Analyzing Data with Pandas
Today we are going to be introducing how to calculate and use rolling averages in our Pandas Dataframes. To do this we are going to need a large dataset of box scores over at least a few weeks worth of games, if you do not have a dataset to accomplish this, go ahead and check out my webscraping tutorials for instructions on how to obtain one.

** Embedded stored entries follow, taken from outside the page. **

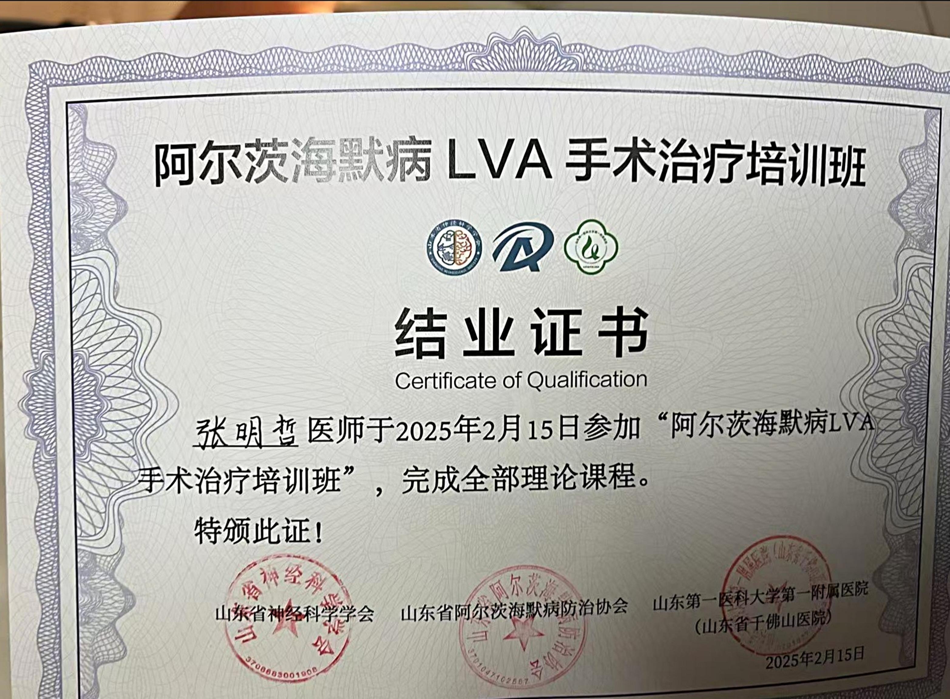 今年2月15日,张明哲获邀参加了山东省神经科学学会、山东省阿尔茨海默病防治协会主办的首届阿尔茨海默病LVA手术治疗培训班暨阿尔茨海默病多学科诊疗联盟启动大会,经过严格培训考核,获得各项资格认证。
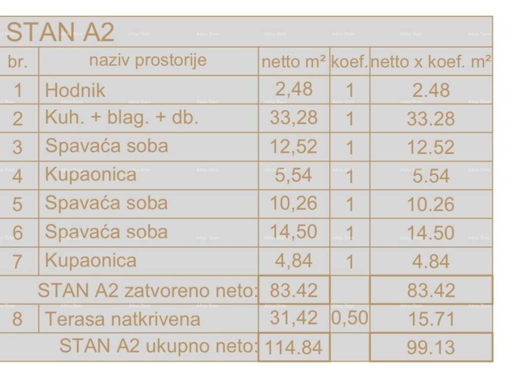Apartment , with an area of 114.84 m (net area 99.13 m), is located on the first floor of building A and consists of a hallway, living room with kitchen and dining area, 3 bedrooms, 2 bathrooms, and a large covered terrace.
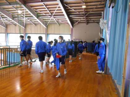 保健体育の授業では、卓球に取り組みました。他学年がフロアを使っていたので、ギャラリーを使って活動しました。
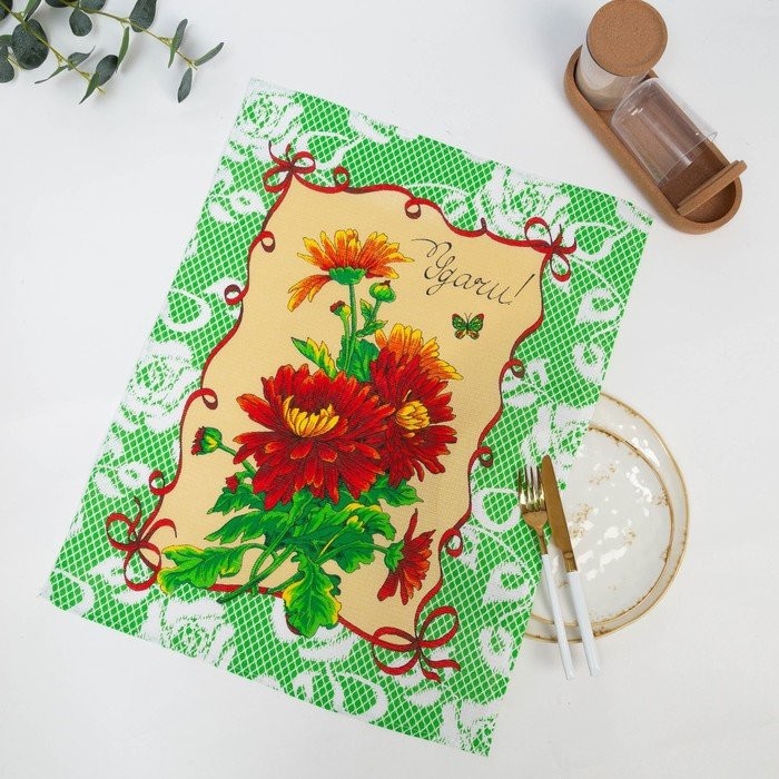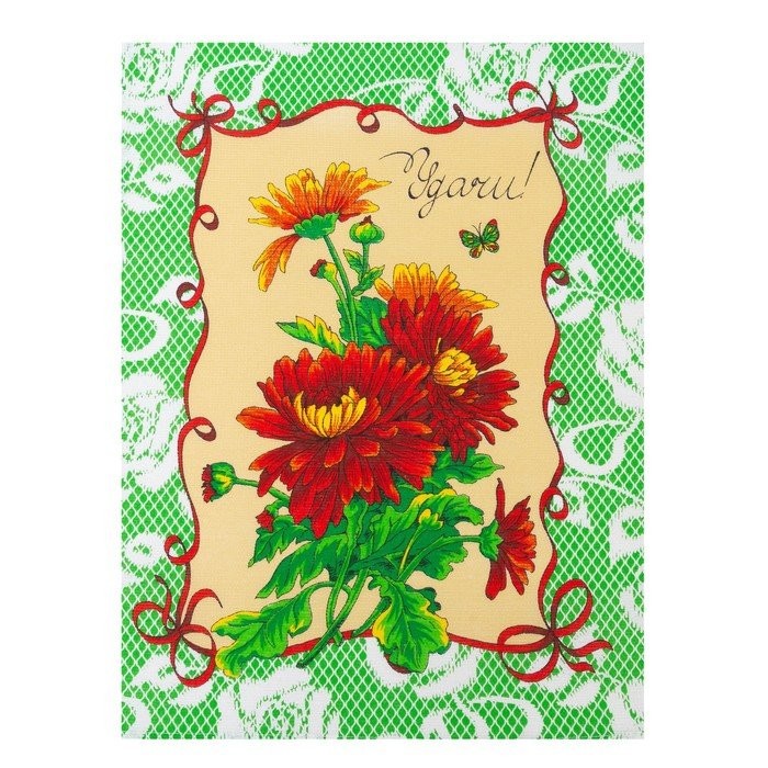 Полотенце в коробке 45×60 см, Удачи, салатовый, вафля, 160 гр/м2, хлопок 100%
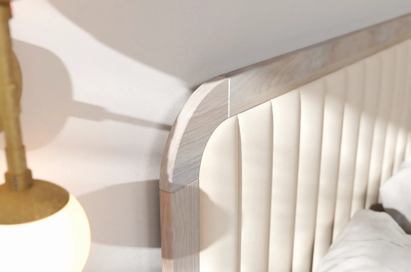 Elementem wyróżniającym to łóżko jest wysoki, tapicerowany zagłówek z pionowymi przeszyciami, otoczony drewnianą ramą o zaokrąglonych krawędziach. Zaokrąglone są również wysokie nogi łóżka. Brak ostrych krawędzi sprawia, że łóżko jest bezpieczne w użytkowaniu i wyróżnia się na tle innych modeli. Dodatkowym atutem jest praktyczna skrzynia na pościel, którą otwiera się lekko dzięki zastosowanym siłownikom gazowym oraz specjalnej taśmie zamocowanej wokół ramy skrzyni.
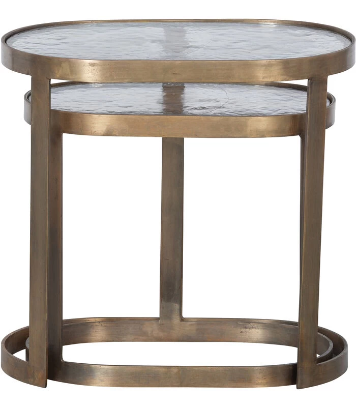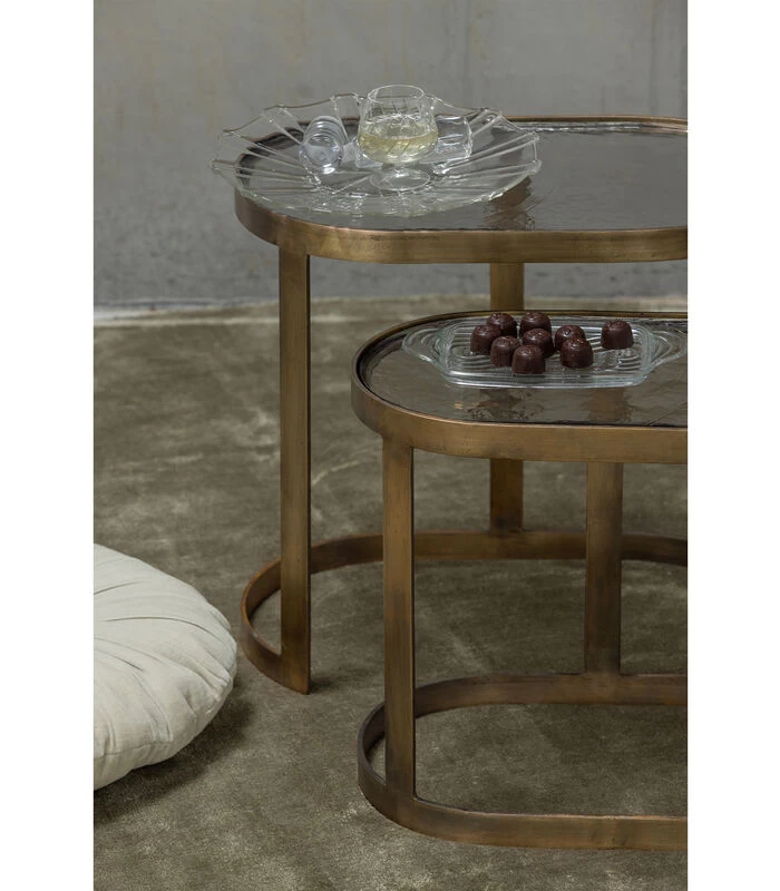 De Clean bijzettafelset van twee, uit de collectie van het Nederlandse interieurmerk BePureHome, is een opvallend paar met een chique uitstraling. Het goudkleurige metaal omrand transparante glazen bladen met een indrukwekkende structuur. Dit maakt de Clean tafels tot charmante en opvallende items.

Now that we have a dataset to use, I will be using a dataset containing all NBA games from the 2019-2020 season up until 02/13/2020. You don’t have to use the same dataset, but just be aware if you are using a different one then the numbers shown here will likely differ from your own.
Okay then, first things first we need to import pandas and load our dataset into a dataframe.
import pandas as pd
df = pd.read_excel(r"insert your dataset file here")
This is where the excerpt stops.